Provided material =>
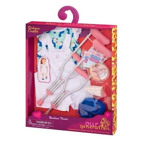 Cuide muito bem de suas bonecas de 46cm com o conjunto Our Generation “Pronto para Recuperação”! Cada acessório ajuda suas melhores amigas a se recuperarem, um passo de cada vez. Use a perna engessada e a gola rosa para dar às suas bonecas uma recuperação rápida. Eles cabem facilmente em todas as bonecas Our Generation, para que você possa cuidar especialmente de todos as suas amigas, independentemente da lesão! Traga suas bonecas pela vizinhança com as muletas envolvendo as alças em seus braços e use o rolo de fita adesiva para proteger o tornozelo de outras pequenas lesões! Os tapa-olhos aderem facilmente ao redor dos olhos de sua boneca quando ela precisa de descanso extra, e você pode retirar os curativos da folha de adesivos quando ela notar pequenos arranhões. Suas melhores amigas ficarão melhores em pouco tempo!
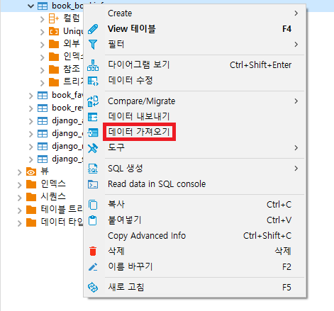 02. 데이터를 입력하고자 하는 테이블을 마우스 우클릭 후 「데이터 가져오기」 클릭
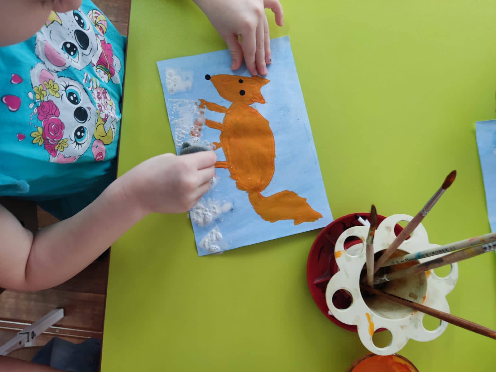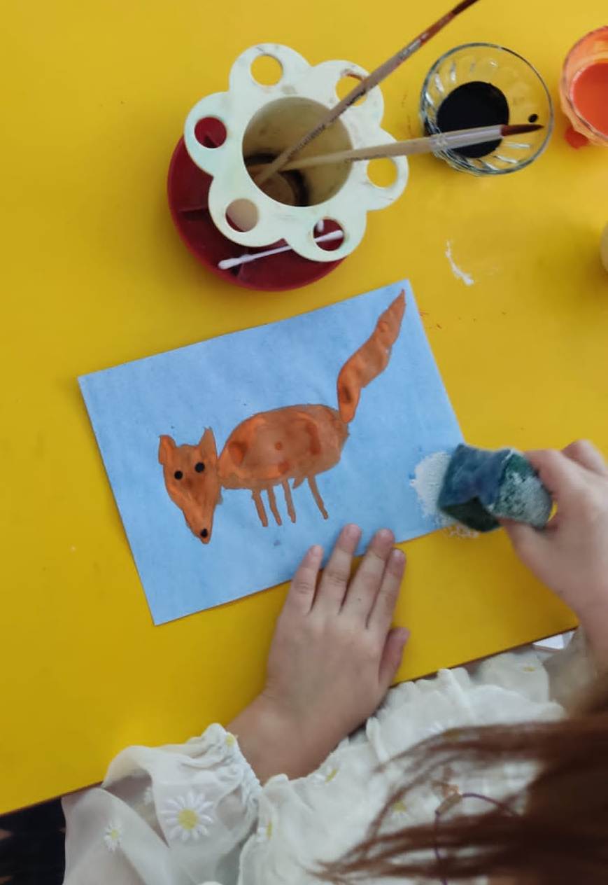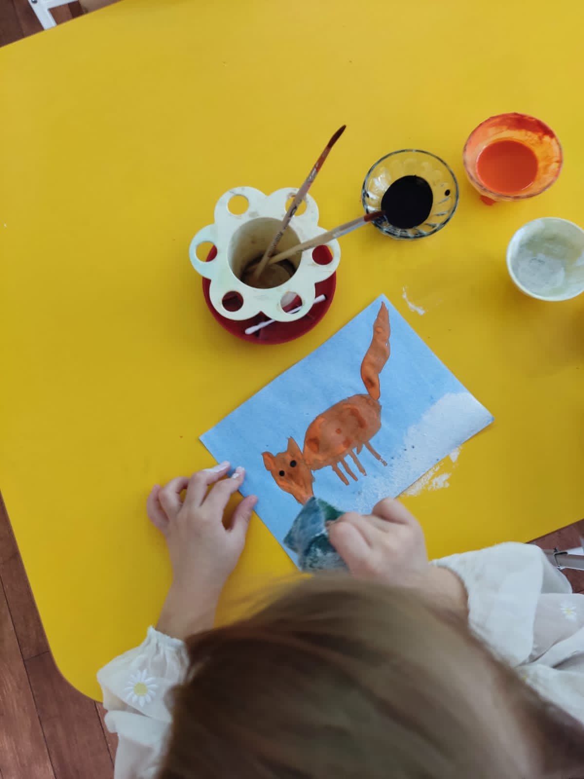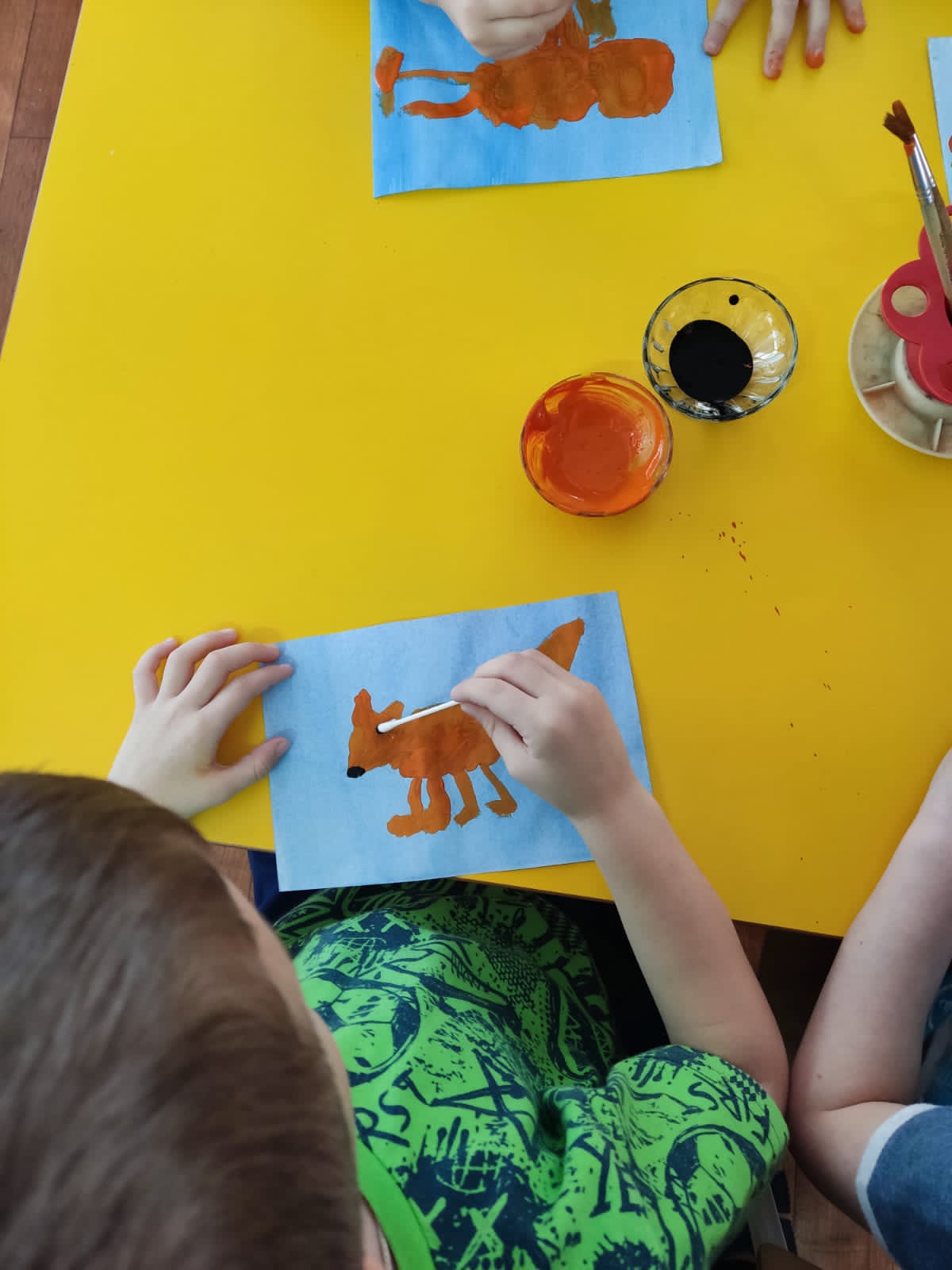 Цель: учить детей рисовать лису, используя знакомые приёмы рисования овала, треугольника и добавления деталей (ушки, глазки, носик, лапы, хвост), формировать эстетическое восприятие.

Task item =>
Give back the full listing above word for word, and let no picture through.

Result below =>
 Cuide muito bem de suas bonecas de 46cm com o conjunto Our Generation “Pronto para Recuperação”! Cada acessório ajuda suas melhores amigas a se recuperarem, um passo de cada vez. Use a perna engessada e a gola rosa para dar às suas bonecas uma recuperação rápida. Eles cabem facilmente em todas as bonecas Our Generation, para que você possa cuidar especialmente de todos as suas amigas, independentemente da lesão! Traga suas bonecas pela vizinhança com as muletas envolvendo as alças em seus braços e use o rolo de fita adesiva para proteger o tornozelo de outras pequenas lesões! Os tapa-olhos aderem facilmente ao redor dos olhos de sua boneca quando ela precisa de descanso extra, e você pode retirar os curativos da folha de adesivos quando ela notar pequenos arranhões. Suas melhores amigas ficarão melhores em pouco tempo!
 02. 데이터를 입력하고자 하는 테이블을 마우스 우클릭 후 「데이터 가져오기」 클릭
 Цель: учить детей рисовать лису, используя знакомые приёмы рисования овала, треугольника и добавления деталей (ушки, глазки, носик, лапы, хвост), формировать эстетическое восприятие.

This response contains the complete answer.